С раздражением, источник которого был не ясен для него, Клим заговорил:

– Давно. Должен сознаться, что я... редко пишу ему. Он отвечает мне поучениями, как надо жить, думать, веровать. Рекомендует книги... вроде бездарного сочинения Пругавина о «Запросах народа и обязанностях интеллигенции». Его письма кажутся мне наивнейшей риторикой, совершенно несовместной с торговлей дубовой клепкой. Он хочет, чтоб я унаследовал те привычки думать, от которых сам он, вероятно, уже отказался.

– Да, – сказала мать, припудривая прыщик, – он всегда любил риторику. Больше всего – риторику. Но – почему ты сегодня такой нервный? И уши у тебя красные...

– Нездоровится, – сказал Клим. Вечером он лежал в постели с компрессом на голове, а доктор успокоительно говорил:

– Что-нибудь гастрическое. Завтра увидим.

В течение пяти недель доктор Любомудров не мог с достаточной ясностью определить болезнь пациента, а пациент не мог понять, физически болен он или его свалило с ног отвращение к жизни, к людям?
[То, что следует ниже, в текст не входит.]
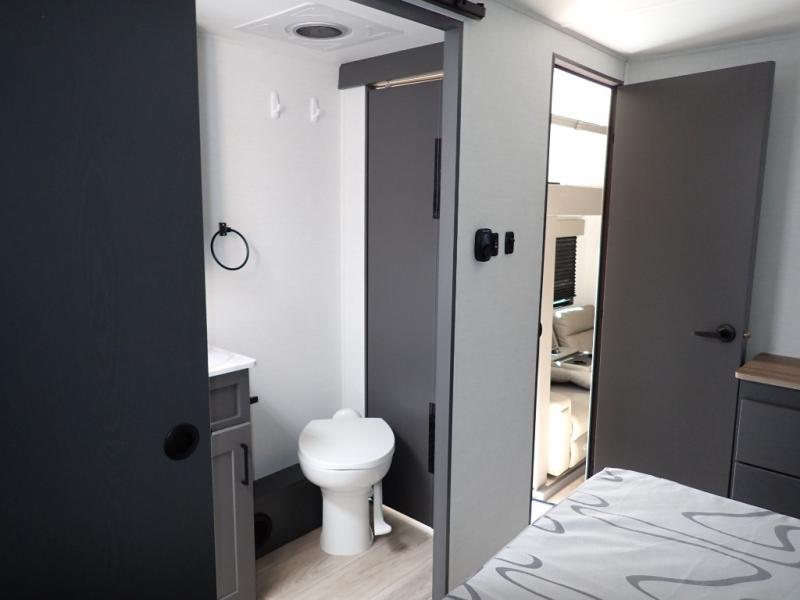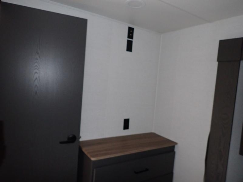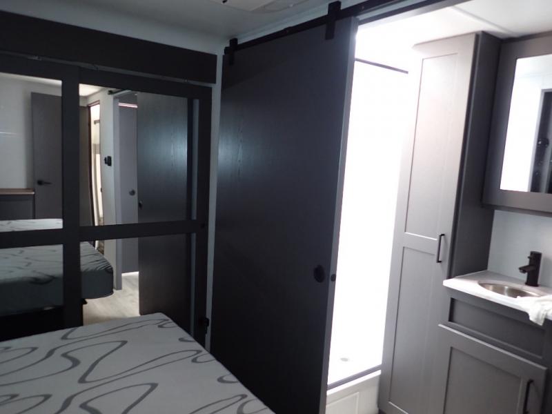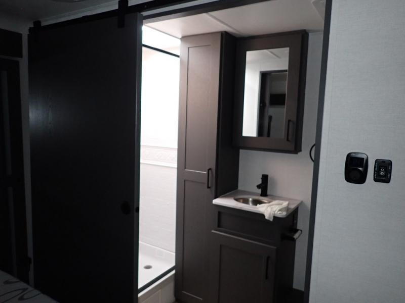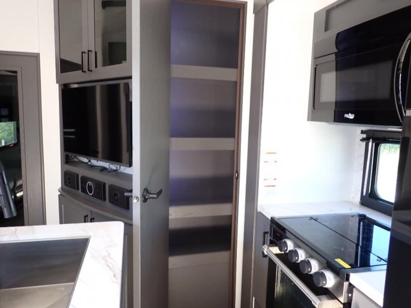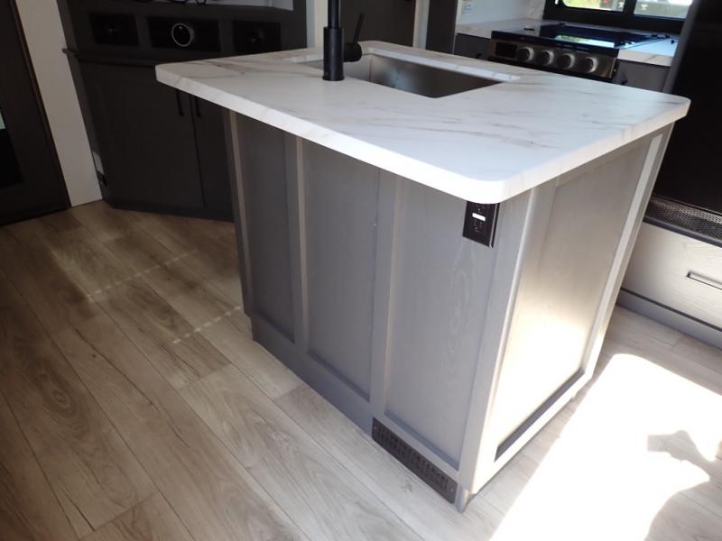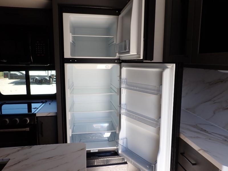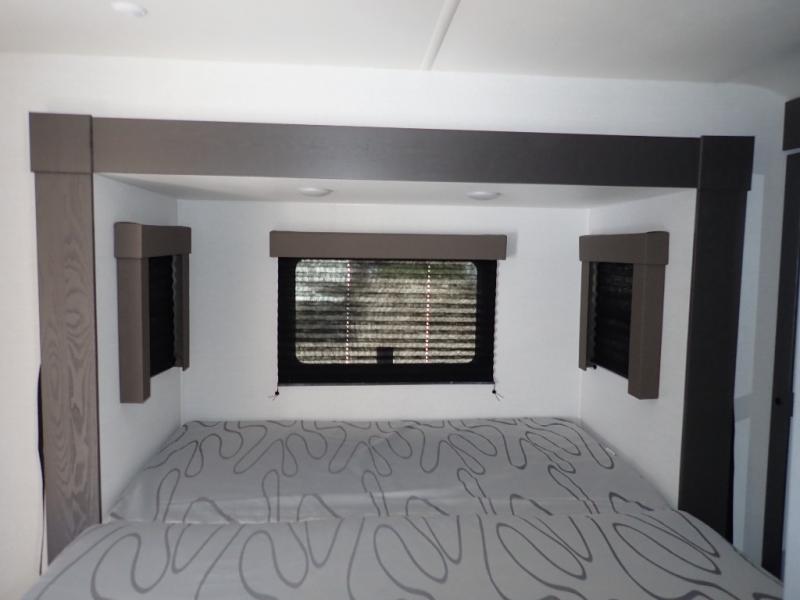 Load up the dirt bikes, pack your bags, and head to the campground in this spacious toy hauler. Once your toys are unloaded using the 7.5' weather resistant ramp door, relax on the HappiJac roll-over sofas with a folding table in between, and this area can become your guests' bedroom at night since there is a drop-down queen bed and a half bath. You will have the master bedroom all to yourselves that includes a king bed slide out with storage below, a spacious closet, and easy access into the dual entry full bath. Everyone can meet in the main living area/kitchen for movie night with the HDTV and sofa slide out, while the chef of makes dinner on the three burner cooktop. There is also a hutch and pantry for storage and a kitchen island for more counter space!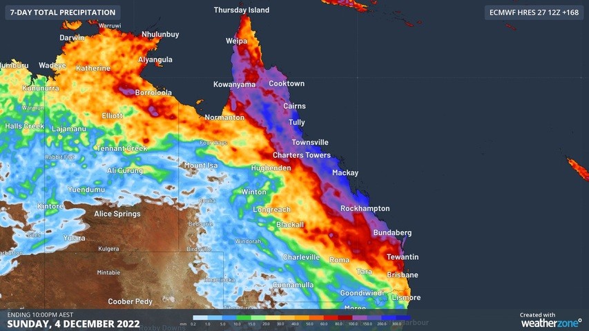 Images: Forecast weekly rainfall according to two different computer models. Top image: ECMWF model’s forecast accumulated precipitation during the 7 days ending at 11pm AEST on Sunday, December 4. Bottom image: GFS model’s forecast accumulated precipitation during the 7 days ending at 4am AEST on Monday, December 5.

Он не был мнительным, но иногда ему казалось, что в теле его работает острая кислота, нагревая мускулы, испаряя из них жизненную силу. Тяжелый туман наполнял голову, хотелось глубокого сна, но мучила бессонница и тихое, злое кипение нервов. В памяти бессвязно возникали воспоминания о прожитом, знакомые лица, фразы.

«Да – был ли мальчик-то? Может, мальчика-то и не было?»

«Что вы озорничаете!»

«Баба богу – второй сорт».

Все эти словечки торчали пред глазами, как бы написанные в воздухе, торчали неподвижно, было в них что-то мертвое, и, раздражая, они не будили никаких дум, а только усиливали недомогание.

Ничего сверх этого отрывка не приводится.